§ **RECORDS PROVIDED**:

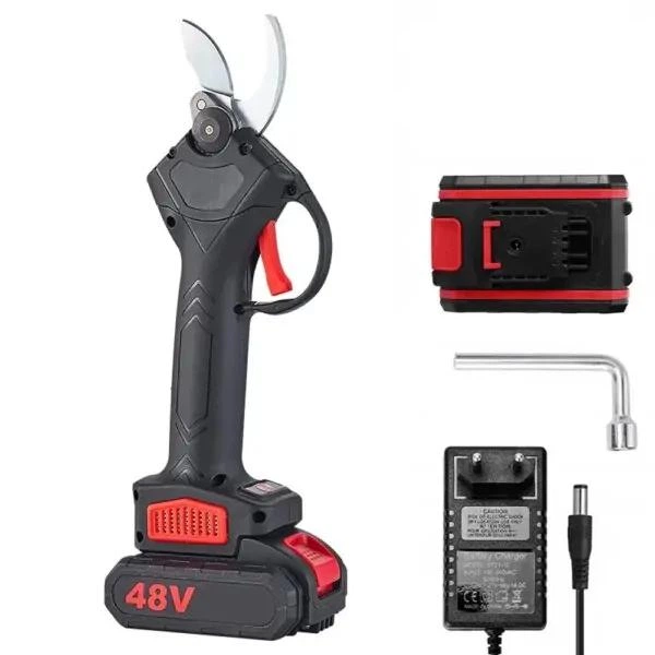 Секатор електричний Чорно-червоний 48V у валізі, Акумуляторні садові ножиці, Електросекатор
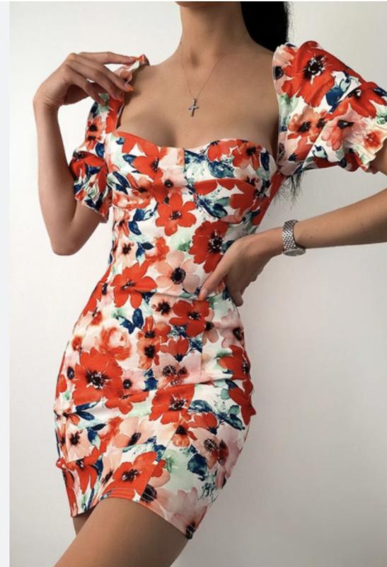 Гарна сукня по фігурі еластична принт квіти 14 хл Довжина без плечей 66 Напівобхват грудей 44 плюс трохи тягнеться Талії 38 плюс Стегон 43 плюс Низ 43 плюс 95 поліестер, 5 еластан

* * *

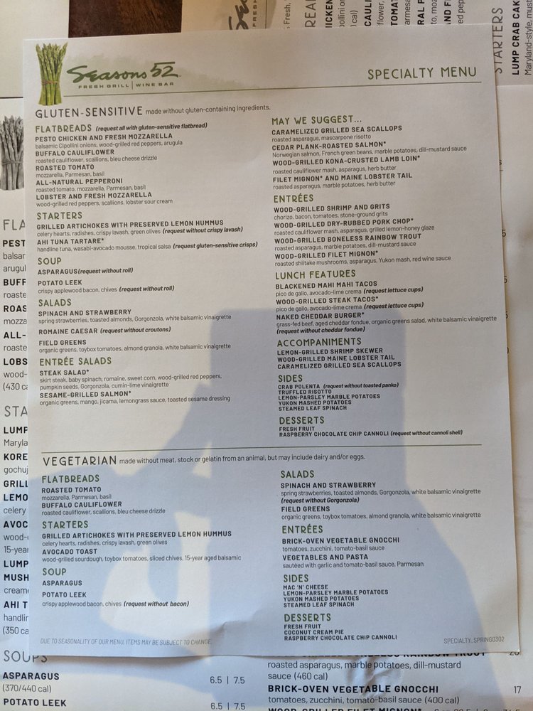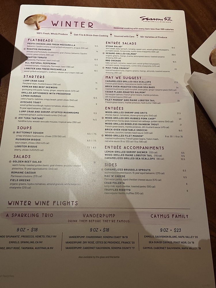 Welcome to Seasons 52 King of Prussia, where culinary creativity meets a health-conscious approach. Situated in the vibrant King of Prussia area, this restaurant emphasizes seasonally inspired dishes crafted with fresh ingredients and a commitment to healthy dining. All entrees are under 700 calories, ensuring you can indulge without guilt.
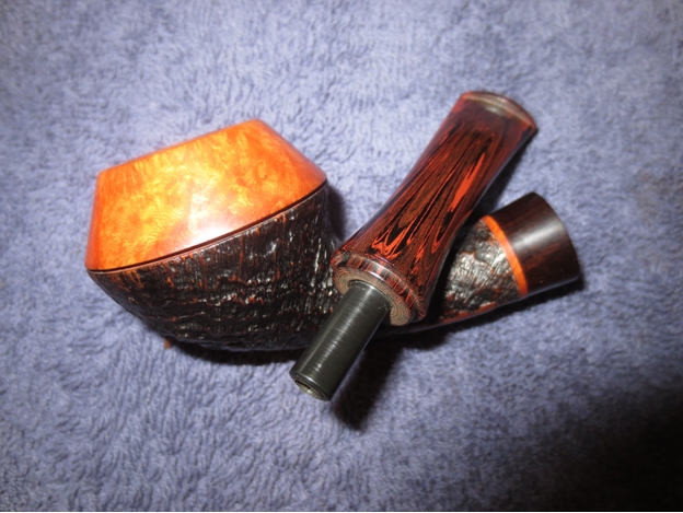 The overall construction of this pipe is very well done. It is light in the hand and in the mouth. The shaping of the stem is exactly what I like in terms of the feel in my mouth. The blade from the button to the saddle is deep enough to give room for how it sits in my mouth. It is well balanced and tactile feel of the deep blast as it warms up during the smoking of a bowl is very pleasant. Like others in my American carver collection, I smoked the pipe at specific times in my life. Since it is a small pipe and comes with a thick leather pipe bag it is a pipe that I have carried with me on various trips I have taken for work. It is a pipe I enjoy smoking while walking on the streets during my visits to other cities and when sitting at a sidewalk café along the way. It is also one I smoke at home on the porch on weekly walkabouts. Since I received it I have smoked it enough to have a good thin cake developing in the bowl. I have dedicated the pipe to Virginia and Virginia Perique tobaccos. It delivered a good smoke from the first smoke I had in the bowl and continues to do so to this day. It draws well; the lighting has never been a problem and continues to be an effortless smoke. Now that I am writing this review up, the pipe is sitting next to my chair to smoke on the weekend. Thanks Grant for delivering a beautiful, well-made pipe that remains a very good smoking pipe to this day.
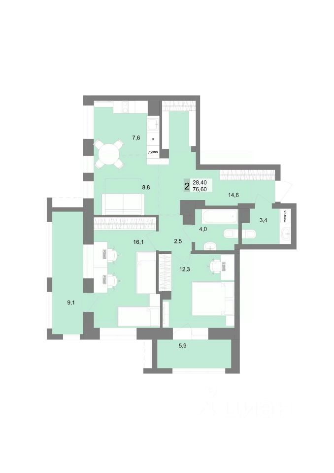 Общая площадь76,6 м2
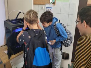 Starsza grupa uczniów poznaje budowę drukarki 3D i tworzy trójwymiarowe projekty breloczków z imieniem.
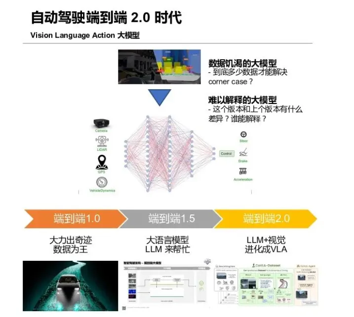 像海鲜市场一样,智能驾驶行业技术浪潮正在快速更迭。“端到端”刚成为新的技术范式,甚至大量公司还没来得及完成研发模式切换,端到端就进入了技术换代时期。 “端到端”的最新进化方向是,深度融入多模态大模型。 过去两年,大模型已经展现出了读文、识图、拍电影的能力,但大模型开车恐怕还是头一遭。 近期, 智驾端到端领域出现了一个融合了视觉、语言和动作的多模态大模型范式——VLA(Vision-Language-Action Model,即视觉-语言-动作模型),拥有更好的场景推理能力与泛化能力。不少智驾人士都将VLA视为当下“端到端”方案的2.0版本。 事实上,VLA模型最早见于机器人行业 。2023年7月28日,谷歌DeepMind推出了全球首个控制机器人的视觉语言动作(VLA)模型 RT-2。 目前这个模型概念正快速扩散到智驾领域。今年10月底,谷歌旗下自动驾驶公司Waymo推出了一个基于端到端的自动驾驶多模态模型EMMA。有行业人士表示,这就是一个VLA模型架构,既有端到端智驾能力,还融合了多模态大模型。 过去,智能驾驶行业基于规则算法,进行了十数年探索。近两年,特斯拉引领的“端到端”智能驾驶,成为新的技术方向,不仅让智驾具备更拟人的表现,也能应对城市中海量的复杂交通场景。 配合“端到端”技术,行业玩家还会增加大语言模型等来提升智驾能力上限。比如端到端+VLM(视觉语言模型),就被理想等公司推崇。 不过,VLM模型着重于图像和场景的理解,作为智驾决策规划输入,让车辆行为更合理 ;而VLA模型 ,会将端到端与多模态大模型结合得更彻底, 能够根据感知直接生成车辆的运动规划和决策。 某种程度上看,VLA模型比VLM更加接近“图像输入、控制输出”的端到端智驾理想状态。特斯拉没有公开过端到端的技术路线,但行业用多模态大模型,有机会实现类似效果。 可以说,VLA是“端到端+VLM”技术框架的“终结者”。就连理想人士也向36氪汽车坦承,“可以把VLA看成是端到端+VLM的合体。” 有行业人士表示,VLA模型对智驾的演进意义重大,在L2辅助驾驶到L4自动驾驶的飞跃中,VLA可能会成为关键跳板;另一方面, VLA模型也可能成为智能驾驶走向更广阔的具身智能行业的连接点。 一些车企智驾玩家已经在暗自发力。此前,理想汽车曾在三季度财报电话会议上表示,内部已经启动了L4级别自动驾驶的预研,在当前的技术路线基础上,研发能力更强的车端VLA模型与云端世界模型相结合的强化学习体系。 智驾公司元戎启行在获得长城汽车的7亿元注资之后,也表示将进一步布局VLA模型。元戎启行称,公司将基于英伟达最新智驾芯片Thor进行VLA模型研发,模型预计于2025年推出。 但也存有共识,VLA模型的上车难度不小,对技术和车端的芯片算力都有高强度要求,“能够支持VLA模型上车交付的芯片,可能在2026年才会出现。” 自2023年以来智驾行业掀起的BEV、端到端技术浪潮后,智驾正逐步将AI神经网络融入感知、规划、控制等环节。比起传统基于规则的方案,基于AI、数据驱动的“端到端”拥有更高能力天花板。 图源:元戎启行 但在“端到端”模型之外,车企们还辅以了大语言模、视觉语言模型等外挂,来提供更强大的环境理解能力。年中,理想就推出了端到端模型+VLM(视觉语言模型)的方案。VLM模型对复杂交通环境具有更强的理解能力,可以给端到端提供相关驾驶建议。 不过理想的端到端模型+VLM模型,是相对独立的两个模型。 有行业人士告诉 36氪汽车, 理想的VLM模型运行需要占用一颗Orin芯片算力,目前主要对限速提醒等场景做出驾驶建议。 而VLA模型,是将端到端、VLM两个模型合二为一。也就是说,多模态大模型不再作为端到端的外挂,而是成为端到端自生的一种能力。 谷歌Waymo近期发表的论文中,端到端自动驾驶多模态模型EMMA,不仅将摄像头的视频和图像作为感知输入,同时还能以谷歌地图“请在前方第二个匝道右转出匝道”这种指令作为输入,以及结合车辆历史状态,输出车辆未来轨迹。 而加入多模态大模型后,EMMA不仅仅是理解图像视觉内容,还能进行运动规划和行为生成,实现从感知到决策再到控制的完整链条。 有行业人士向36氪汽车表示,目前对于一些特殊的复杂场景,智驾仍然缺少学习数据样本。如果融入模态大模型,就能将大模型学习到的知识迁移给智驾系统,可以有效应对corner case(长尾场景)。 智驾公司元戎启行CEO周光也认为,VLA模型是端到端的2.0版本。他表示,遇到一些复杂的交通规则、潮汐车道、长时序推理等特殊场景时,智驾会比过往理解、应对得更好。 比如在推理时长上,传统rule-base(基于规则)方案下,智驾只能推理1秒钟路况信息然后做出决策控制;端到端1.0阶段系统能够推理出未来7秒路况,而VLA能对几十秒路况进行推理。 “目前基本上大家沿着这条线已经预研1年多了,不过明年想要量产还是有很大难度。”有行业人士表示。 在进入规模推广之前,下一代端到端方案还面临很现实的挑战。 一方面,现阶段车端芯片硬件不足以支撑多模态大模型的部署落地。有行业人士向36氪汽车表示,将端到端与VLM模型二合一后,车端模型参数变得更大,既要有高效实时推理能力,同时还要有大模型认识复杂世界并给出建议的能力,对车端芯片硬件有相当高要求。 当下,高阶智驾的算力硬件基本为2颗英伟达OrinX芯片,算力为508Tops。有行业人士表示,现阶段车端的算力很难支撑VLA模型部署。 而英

==

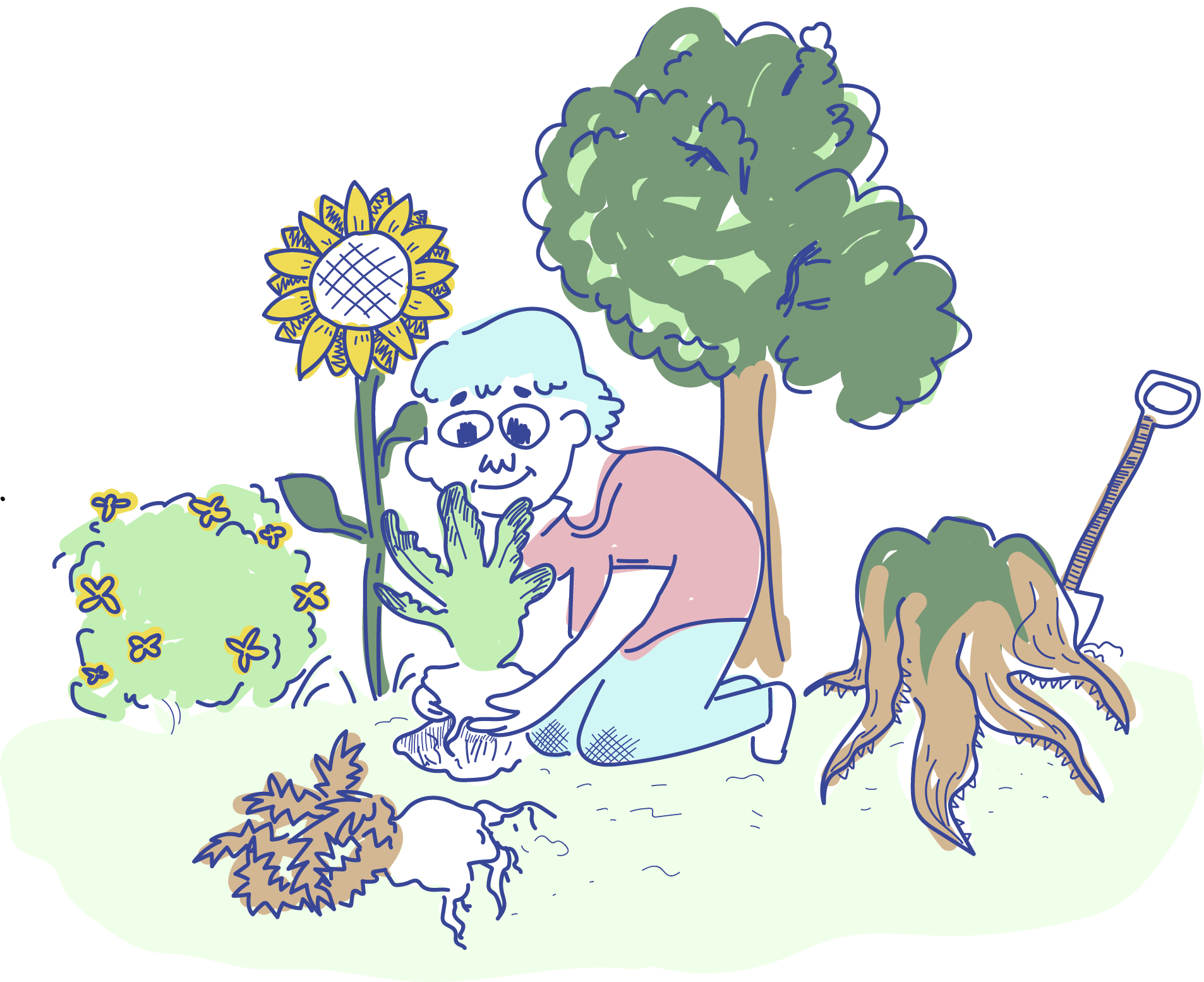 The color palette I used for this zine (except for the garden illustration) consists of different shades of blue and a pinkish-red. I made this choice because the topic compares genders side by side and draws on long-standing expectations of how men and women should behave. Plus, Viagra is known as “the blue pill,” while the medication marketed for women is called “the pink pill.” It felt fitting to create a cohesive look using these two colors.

§ **WHAT IS BEING ASKED**:
Beginning at the line above that contains "Общая площадь76,6 м2" and going on through the line that contains "Starsza grupa uczniów", please copy every line exactly, leaving the pictures out and adding nothing.

§ **EXPECTED ANSWER**:
 Общая площадь76,6 м2
 Starsza grupa uczniów poznaje budowę drukarki 3D i tworzy trójwymiarowe projekty breloczków z imieniem.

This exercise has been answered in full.